- _YOUR ASSIGNMENT_: Copy the listing exactly as given. Omit every picture.

───── TASK DATA ─────

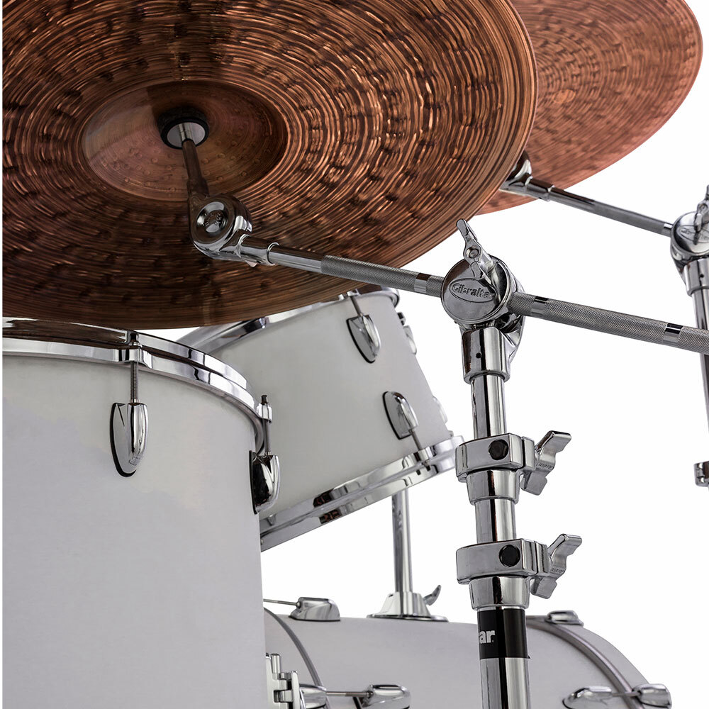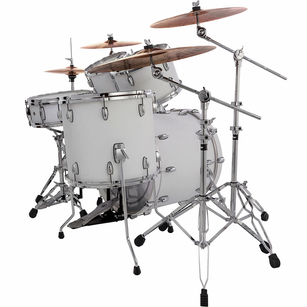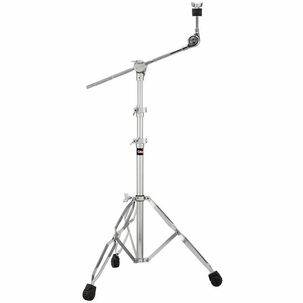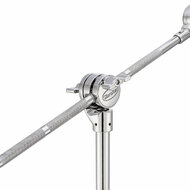 The exclusive round rubber foot provides additional stability, without a large profile. The hinged height adjustment collars are fitted with nylon inserts to prevent any metal to metal contact. Outfitted with professional features, this medium weight stand comes with a dual point boom tilter that allows for independent boom angle and length adjustment. The 16" hideaway boom arm is fixed with a geared cymbal tilter for easy and secure cymbal angle adjustment. Height range is 30" to 61"
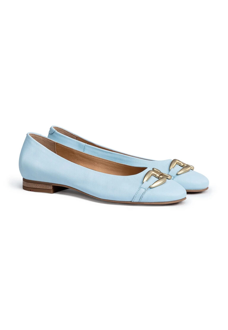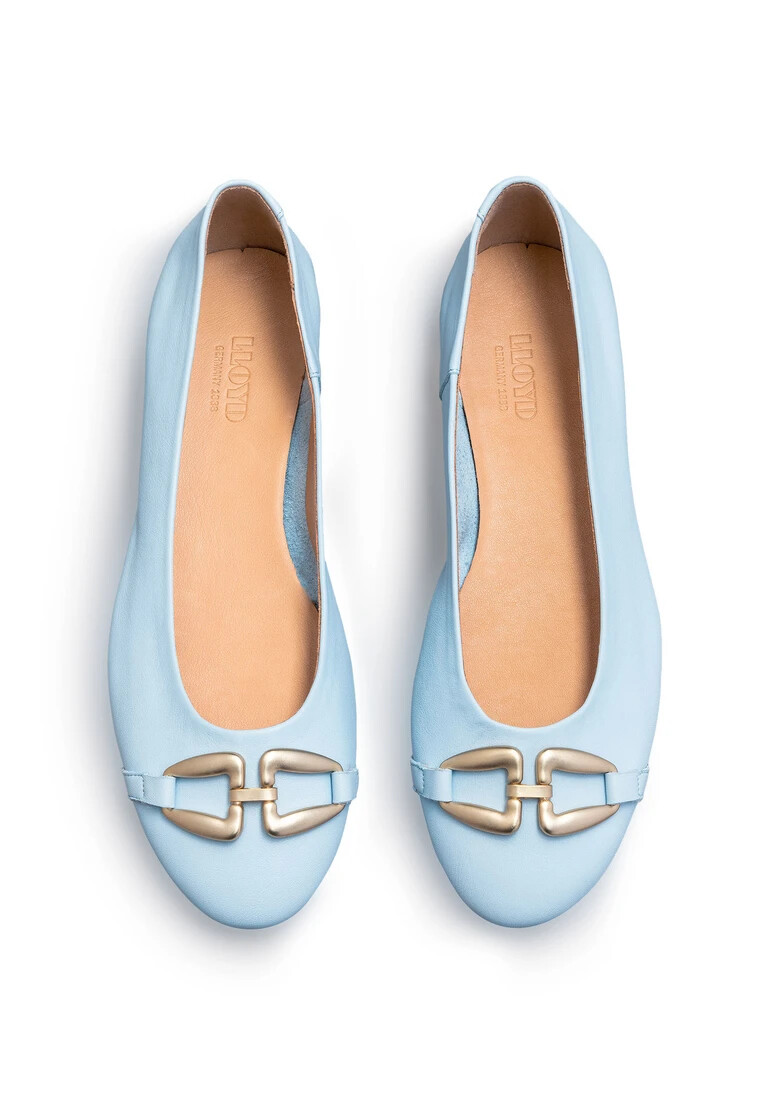 LLOYD presents the ballerina: made with blue smooth leather, the shoes boast a fashionable design. A charming and feminine look is guaranteed in these shoes. A non-slip rubber sole is utilized. This cushions the impact when walking while the leather of the inner sole offers good heat regulation. With the low block heel the shoes offer secure footing and permit comfortable daily wear. The shoes’ soft smooth leather upper and elasticated band ensure a classic, elegant look and quick putting on and taking off. These ballerinas are breathable and comfortable by use of the leather lining.
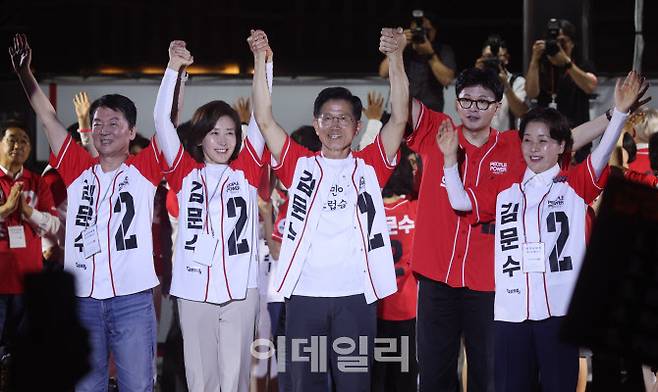 [이데일리 이영훈 기자] 김문수 국민의힘 대선 후보가 2일 서울시청 앞 서울광장에서 열린 피날레 유세에서 경선을 함께 뛴 선대위원장들과 지지를 호소하고 있다.
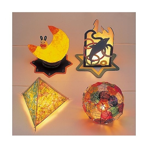 台に15ヶ所0.3cmの穴が開いていますので針金や竹ひごなどを差せばランプシェードの骨組ができます。創作性の高い作品が手軽にできます。 |
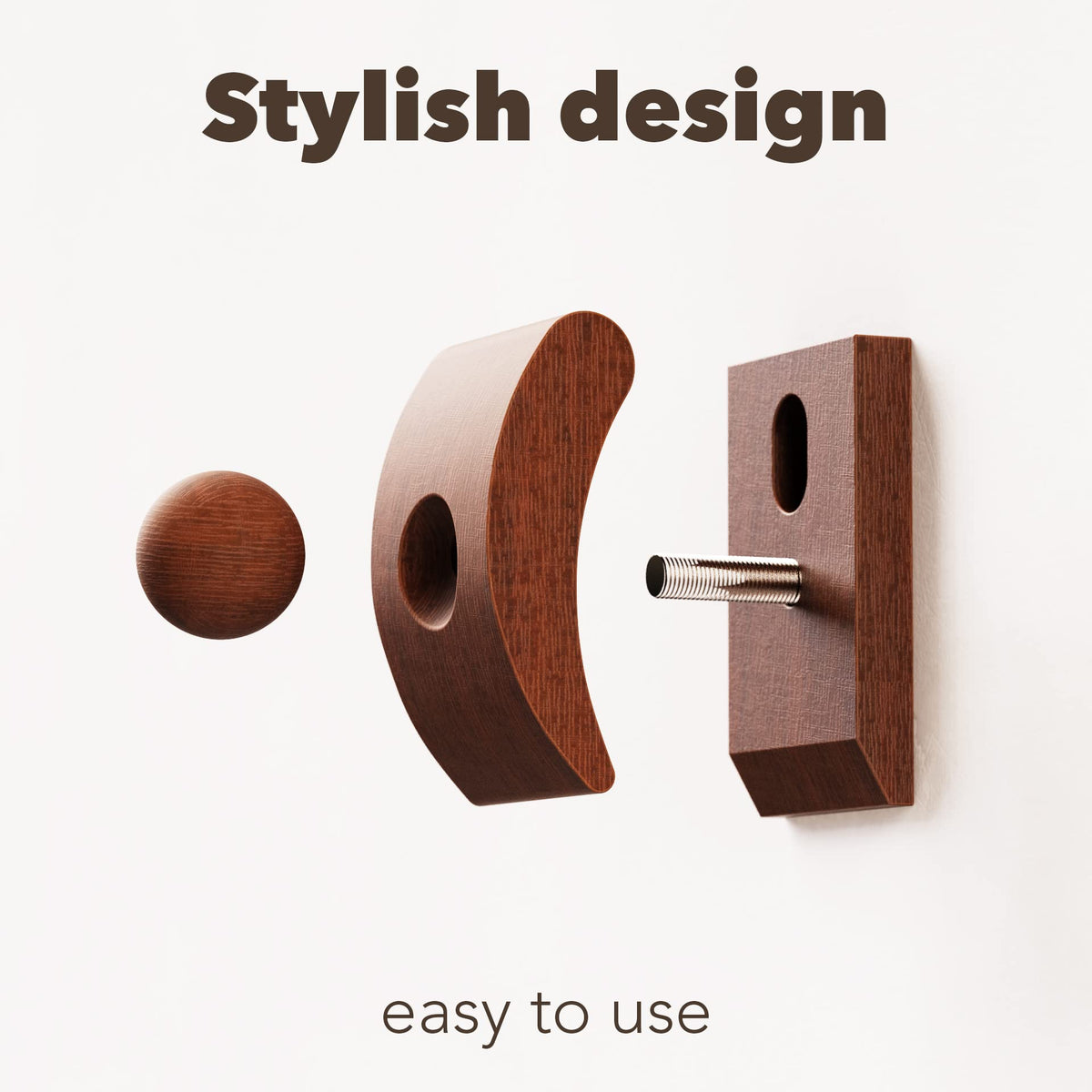 Crebri Brown Tapestry Hangers - 4 Small Wooden Quilt Hanger Clips for Wall Hangings, Blanket & Rug Display
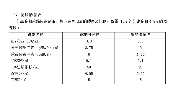 2)30%凝膠貯備液:丙烯酰胺(Acr) 29.2g,亞甲基雙丙烯酰胺(Bis) 0.8g,加雙蒸水**100mL。外包錫紙,4℃冰箱保存,30天內使用。

─────

- _RESPONSE AREA_:
 The exclusive round rubber foot provides additional stability, without a large profile. The hinged height adjustment collars are fitted with nylon inserts to prevent any metal to metal contact. Outfitted with professional features, this medium weight stand comes with a dual point boom tilter that allows for independent boom angle and length adjustment. The 16" hideaway boom arm is fixed with a geared cymbal tilter for easy and secure cymbal angle adjustment. Height range is 30" to 61"
 LLOYD presents the ballerina: made with blue smooth leather, the shoes boast a fashionable design. A charming and feminine look is guaranteed in these shoes. A non-slip rubber sole is utilized. This cushions the impact when walking while the leather of the inner sole offers good heat regulation. With the low block heel the shoes offer secure footing and permit comfortable daily wear. The shoes’ soft smooth leather upper and elasticated band ensure a classic, elegant look and quick putting on and taking off. These ballerinas are breathable and comfortable by use of the leather lining.
 [이데일리 이영훈 기자] 김문수 국민의힘 대선 후보가 2일 서울시청 앞 서울광장에서 열린 피날레 유세에서 경선을 함께 뛴 선대위원장들과 지지를 호소하고 있다.
 台に15ヶ所0.3cmの穴が開いていますので針金や竹ひごなどを差せばランプシェードの骨組ができます。創作性の高い作品が手軽にできます。 |
 Crebri Brown Tapestry Hangers - 4 Small Wooden Quilt Hanger Clips for Wall Hangings, Blanket & Rug Display
 2)30%凝膠貯備液:丙烯酰胺(Acr) 29.2g,亞甲基雙丙烯酰胺(Bis) 0.8g,加雙蒸水**100mL。外包錫紙,4℃冰箱保存,30天內使用。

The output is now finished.